## What the task asks
Given these entries, repeat exactly the lines starting with the one that has "Aborder la symétrie" and going on through the one that has "作词 : Giggy/BVince |", both included, but none of the pictures.

## Task data
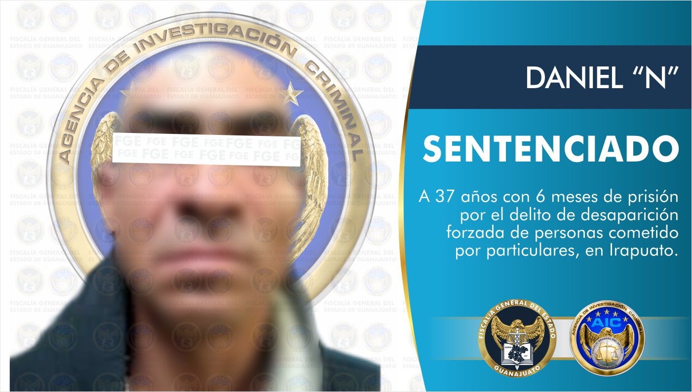 La Fiscalía acreditó el delito de desaparición forzada de personas cometido por particulares, previsto y sancionado en la Ley General en Materia de Desaparición Forzada y Desaparición cometida por Particulares y del Sistema Nacional de Búsqueda de Personas, y la plena responsabilidad de DANIEL “N”, en la comisión de este, por lo que un Juez le impuso una sentencia de 37 años y 6 meses de prisión.
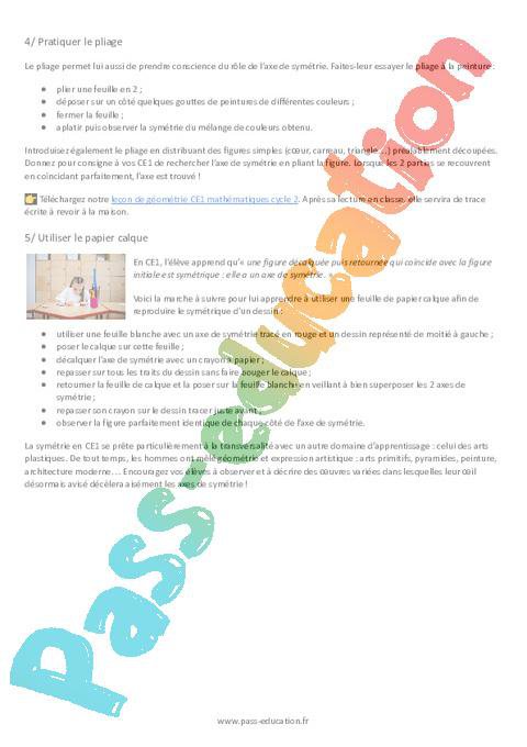 Aborder la symétrie en CE1 Ce que disent les programmesLa symétrie fait partie du programme de géométrie CE1. Durant le cycle 2, l’élève apprend à : « reconnaître si une figure présente un axe de symétrie (à trouver), visuellement et/ou en utilisant du papier calque, des découpages, des pliages. » Cela implique de lui apprendre à reconnaître la symétrie axiale dans son environnement et à « compléter une figure pour qu’elle soit symétrique par rapport à un axe donné. »
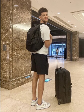 提供いただいたバックパックを着用するトレイ・ポーター選手(背負っている物)
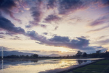 Grass on the field during sunrise. Agricultural landscape in the summer time in Thailand
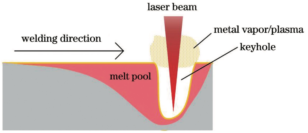 激光深熔焊工藝原理(圖1)如下:當(dāng)激光功率密度達(dá)到一定水平時(shí),材料表面發(fā)生氣化,從而形成匙孔。當(dāng)孔內(nèi)金屬蒸氣壓力與四周液體的靜壓力和表面張力達(dá)到動(dòng)態(tài)平衡時(shí),激光可通過(guò)匙孔照射到孔底,隨著激光束的運(yùn)動(dòng),形成連續(xù)的焊縫。在激光深熔焊焊接過(guò)程中,不需要添加輔助焊劑或填料,即可將工件自身材料焊接為一體。
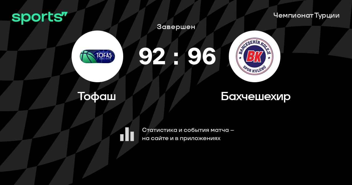 В прошедшем матче в рамках турнира Чемпионат Турции (Четвертьфинал) состоялась встреча команд Тофаш - Бахчешехир в городе на стадионе Tofaş Spor Salonu
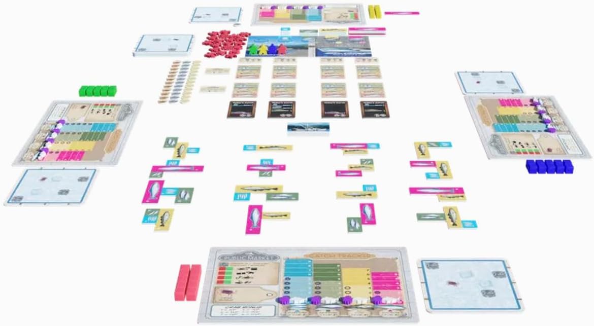 Head out to sea and fish to fulfill contracts in order to gain points and emerge as the winner in this tile-laying, engine-building game.In Public Market, players bid on and draft tiles to play into an ice chest. Once the ice chest is full, players can go to the market to sell their latest catch based on the current market values and to complete contract goals. They then get a new ice chest and go back out on the open water to fulfill new contracts. Play continues until the ocean bag is empty.
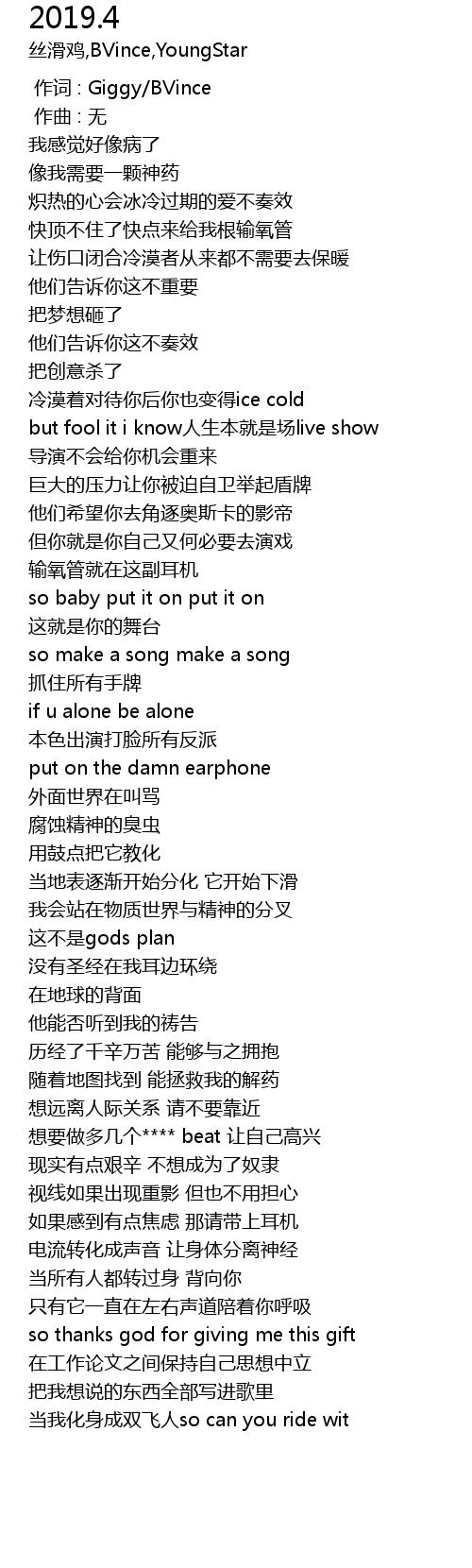 | [00:00.000] | 作词 : Giggy/BVince |
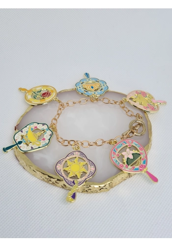 Handmade, high quality stainless steel chain bracelet, with shiny gold-plated coating. Six fan pendants attached, each representing a different Disney princess.
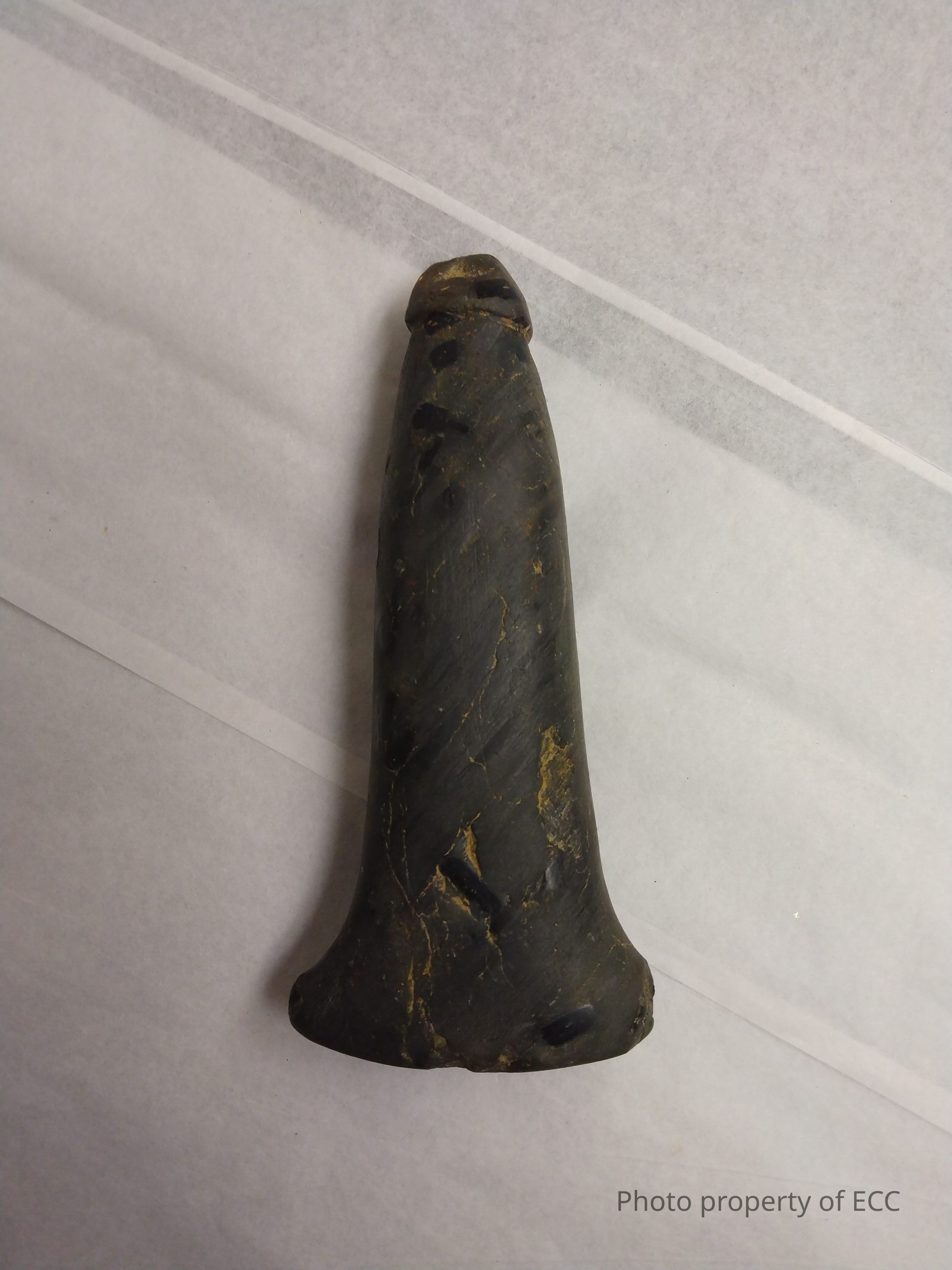 A phallus made out of black stone. Various hairline cracks throughout, probably due to age and type of material. Yellow residue in some of the deeper indentations.Collection
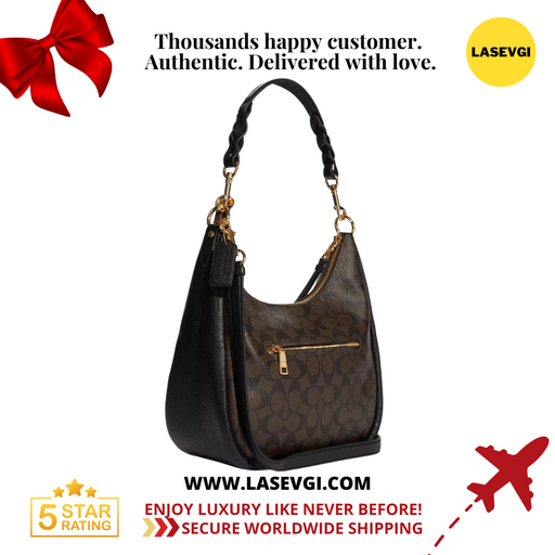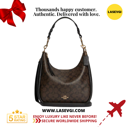 🥰 ABOUT THIS BAG COACH Jules Hobo in Signature Brown Black - C9189 >> Style no: C9189 Signature coated canvas refined pebble leather and sn...
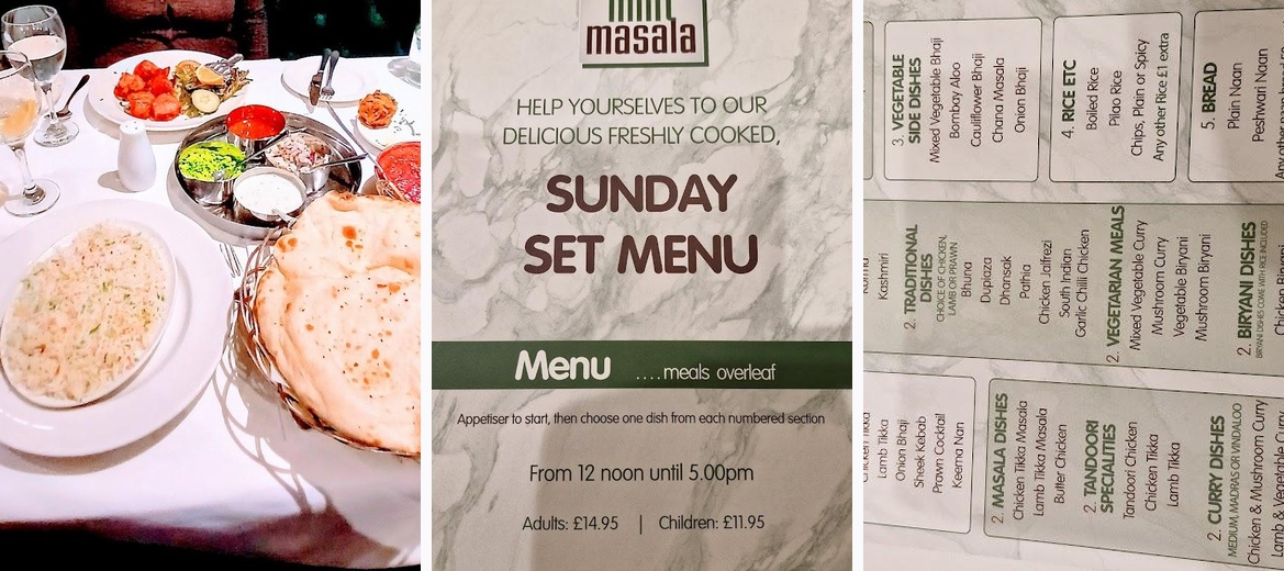 oh my life....I've been going to Mint Masala for years and enjoy all their food and keep going and I feel like I'm part of the furniture but today on Fathers day...my wife booked 4 of us in for the set menu and WOW WOW WOW! There was a lot of food and well priced. Service excellent as usual. Thanks Mint Masala...Best Fathers Day Experience Ever!

## Written answer
 Aborder la symétrie en CE1 Ce que disent les programmesLa symétrie fait partie du programme de géométrie CE1. Durant le cycle 2, l’élève apprend à : « reconnaître si une figure présente un axe de symétrie (à trouver), visuellement et/ou en utilisant du papier calque, des découpages, des pliages. » Cela implique de lui apprendre à reconnaître la symétrie axiale dans son environnement et à « compléter une figure pour qu’elle soit symétrique par rapport à un axe donné. »
 提供いただいたバックパックを着用するトレイ・ポーター選手(背負っている物)
 Grass on the field during sunrise. Agricultural landscape in the summer time in Thailand
 激光深熔焊工藝原理(圖1)如下:當(dāng)激光功率密度達(dá)到一定水平時(shí),材料表面發(fā)生氣化,從而形成匙孔。當(dāng)孔內(nèi)金屬蒸氣壓力與四周液體的靜壓力和表面張力達(dá)到動(dòng)態(tài)平衡時(shí),激光可通過(guò)匙孔照射到孔底,隨著激光束的運(yùn)動(dòng),形成連續(xù)的焊縫。在激光深熔焊焊接過(guò)程中,不需要添加輔助焊劑或填料,即可將工件自身材料焊接為一體。
 В прошедшем матче в рамках турнира Чемпионат Турции (Четвертьфинал) состоялась встреча команд Тофаш - Бахчешехир в городе на стадионе Tofaş Spor Salonu
 Head out to sea and fish to fulfill contracts in order to gain points and emerge as the winner in this tile-laying, engine-building game.In Public Market, players bid on and draft tiles to play into an ice chest. Once the ice chest is full, players can go to the market to sell their latest catch based on the current market values and to complete contract goals. They then get a new ice chest and go back out on the open water to fulfill new contracts. Play continues until the ocean bag is empty.
 | [00:00.000] | 作词 : Giggy/BVince |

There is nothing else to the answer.